━━━━━ Given information

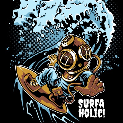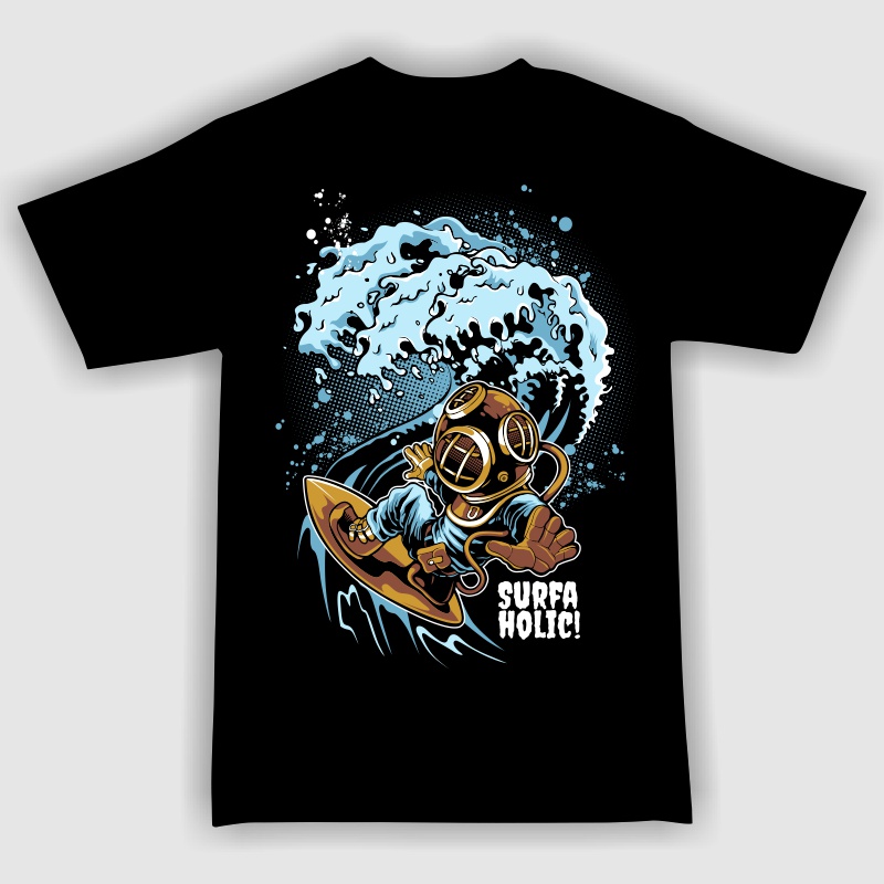 "Surfaholic"character style T-shirt design.The files available are suitable for Adobe Illustrator, Adobe Photoshop and Corel Draw and can be used for digital printing and screen printing.
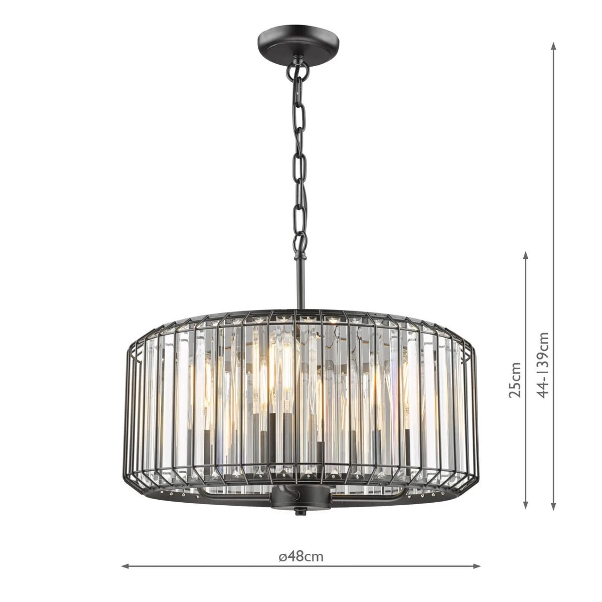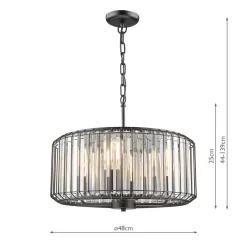 The Naeva 4 light pendant features a contemporary satin black cage surrounding stunning faceted crystal. This blend of black and crystal makes it a great choice where other black accents are already present in your design scheme, such as Crittal black framed windows. The Naeva 4 light pendant is perfect for living rooms, bedrooms or dining rooms.
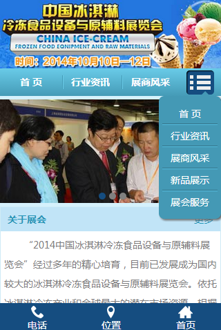 经过一个星期的努力和不断的调试,中国冰淇淋冷冻食品设备与原辅料展览会的微官网和微信的接口搭建工作已基本完成。您可通过点击屏幕下方的接口中任意一个进入微官网。
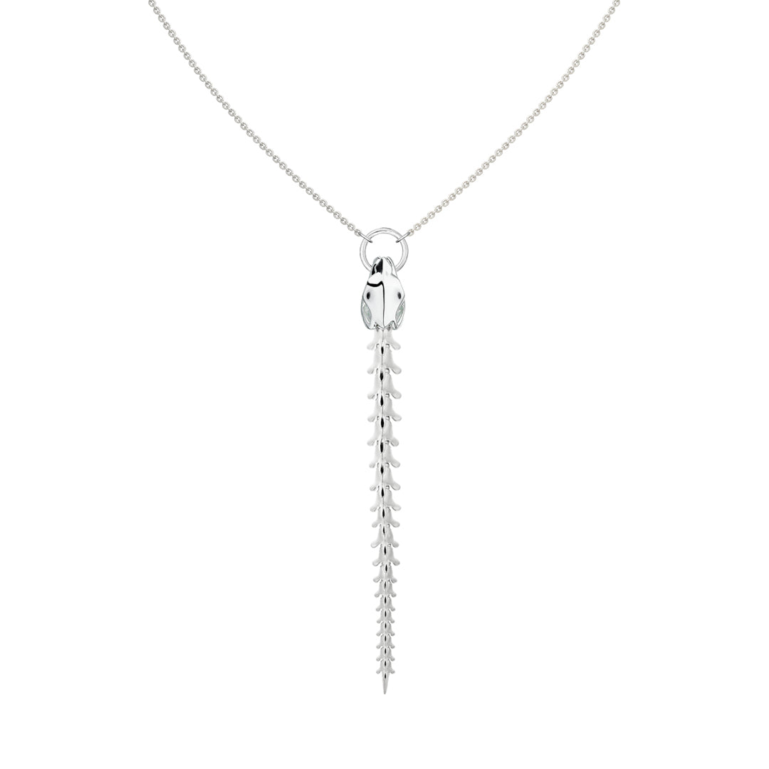 Handcrafted from sterling silver, our Serpent's Trace Drop Pendant takes inspiration from the aluminium Coiled Corset Shaun Leane made for Alexander McQueen. A single perfectly graduated vertebrae of articulated sterling silver pieces of bonesuspend the colletage, ensnared in the bejewelled jaws of the serpent's skull. Designed to move with the wearer, each piece of gilded bonehas its own precise movement, conjuring the hypnotic slither of the serpent as it sways, catching the light. The piece becomes a breathing work of art, sinuously moving across the collarbone. Mechanical, light-reflecting, technically dazzling, the Serpent silhouette took our Mayfair team of trained goldsmiths four years to perfect. Leane's creations breathe life into a mythological legend. Adjustable to individual three lengths. Also available with diamonds.

━━━━━━━━━━

__Directions__: The entire listing above, minus its pictures, should be copied out exactly.

__Solution to this problem__:
 "Surfaholic"character style T-shirt design.The files available are suitable for Adobe Illustrator, Adobe Photoshop and Corel Draw and can be used for digital printing and screen printing.
 The Naeva 4 light pendant features a contemporary satin black cage surrounding stunning faceted crystal. This blend of black and crystal makes it a great choice where other black accents are already present in your design scheme, such as Crittal black framed windows. The Naeva 4 light pendant is perfect for living rooms, bedrooms or dining rooms.
 经过一个星期的努力和不断的调试,中国冰淇淋冷冻食品设备与原辅料展览会的微官网和微信的接口搭建工作已基本完成。您可通过点击屏幕下方的接口中任意一个进入微官网。
 Handcrafted from sterling silver, our Serpent's Trace Drop Pendant takes inspiration from the aluminium Coiled Corset Shaun Leane made for Alexander McQueen. A single perfectly graduated vertebrae of articulated sterling silver pieces of bonesuspend the colletage, ensnared in the bejewelled jaws of the serpent's skull. Designed to move with the wearer, each piece of gilded bonehas its own precise movement, conjuring the hypnotic slither of the serpent as it sways, catching the light. The piece becomes a breathing work of art, sinuously moving across the collarbone. Mechanical, light-reflecting, technically dazzling, the Serpent silhouette took our Mayfair team of trained goldsmiths four years to perfect. Leane's creations breathe life into a mythological legend. Adjustable to individual three lengths. Also available with diamonds.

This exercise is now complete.